[Information provided]

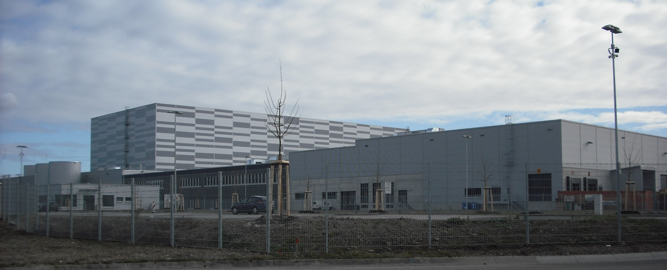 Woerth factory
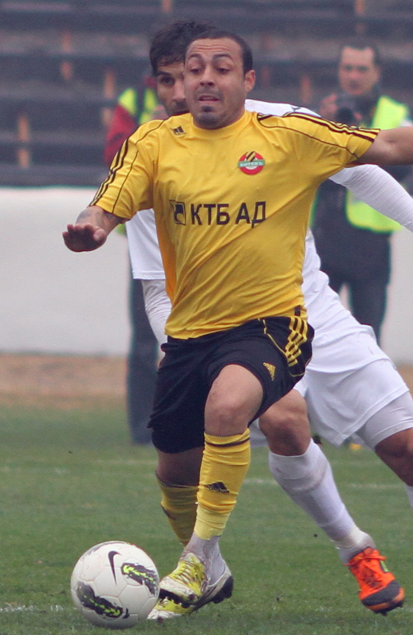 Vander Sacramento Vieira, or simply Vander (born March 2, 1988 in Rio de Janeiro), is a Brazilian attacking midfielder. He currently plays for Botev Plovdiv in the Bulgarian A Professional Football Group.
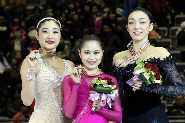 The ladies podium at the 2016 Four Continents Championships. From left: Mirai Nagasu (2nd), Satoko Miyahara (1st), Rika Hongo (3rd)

[/Information provided]
[Information provided]

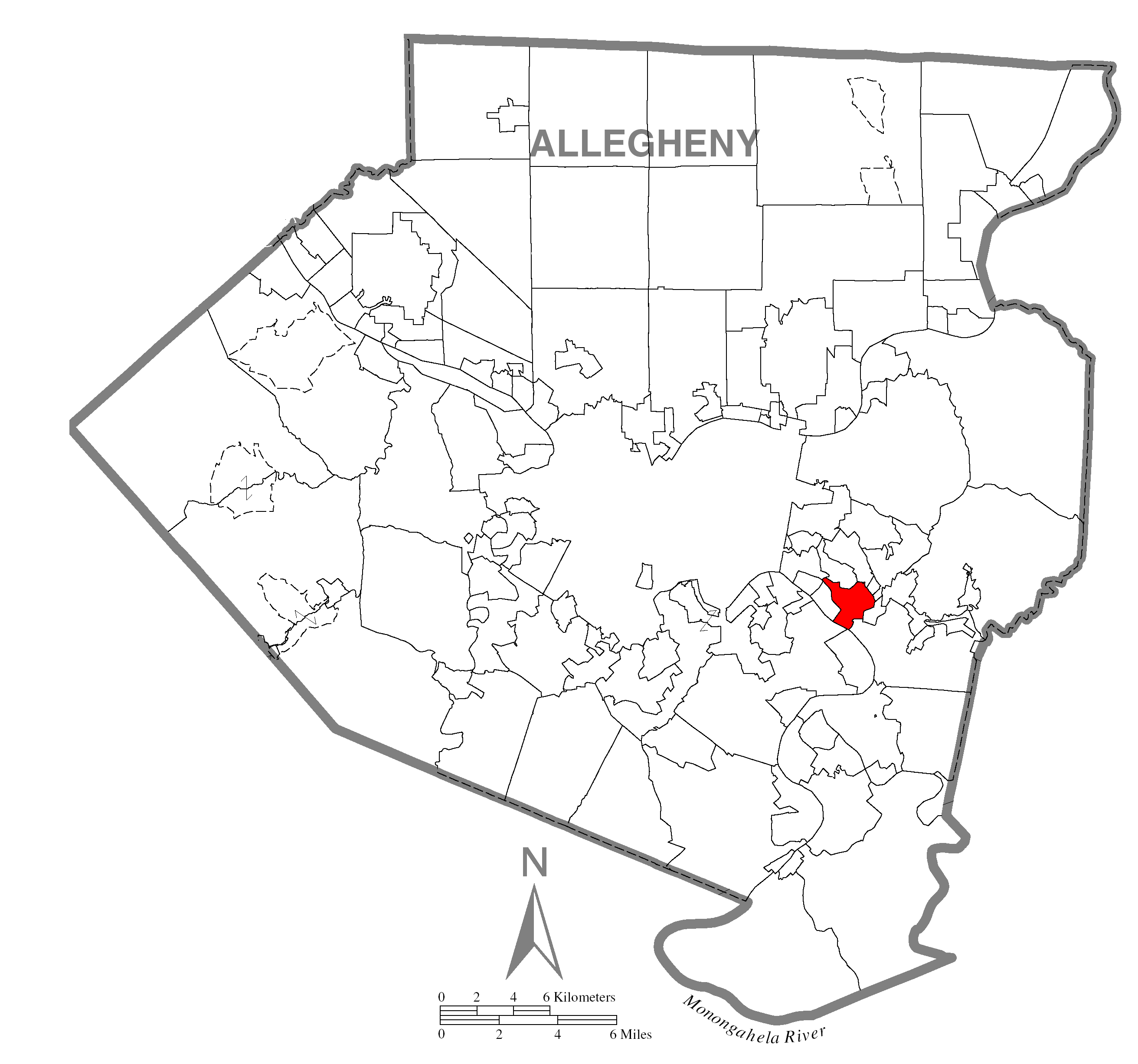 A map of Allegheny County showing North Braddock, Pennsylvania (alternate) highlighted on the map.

[/Information provided]

What you will do » Look above and copy only the lines from the one holding "Woerth factory" to the one holding "The ladies podium", both included, exactly, minus the pictures.

Solution to this problem »
 Woerth factory
 Vander Sacramento Vieira, or simply Vander (born March 2, 1988 in Rio de Janeiro), is a Brazilian attacking midfielder. He currently plays for Botev Plovdiv in the Bulgarian A Professional Football Group.
 The ladies podium at the 2016 Four Continents Championships. From left: Mirai Nagasu (2nd), Satoko Miyahara (1st), Rika Hongo (3rd)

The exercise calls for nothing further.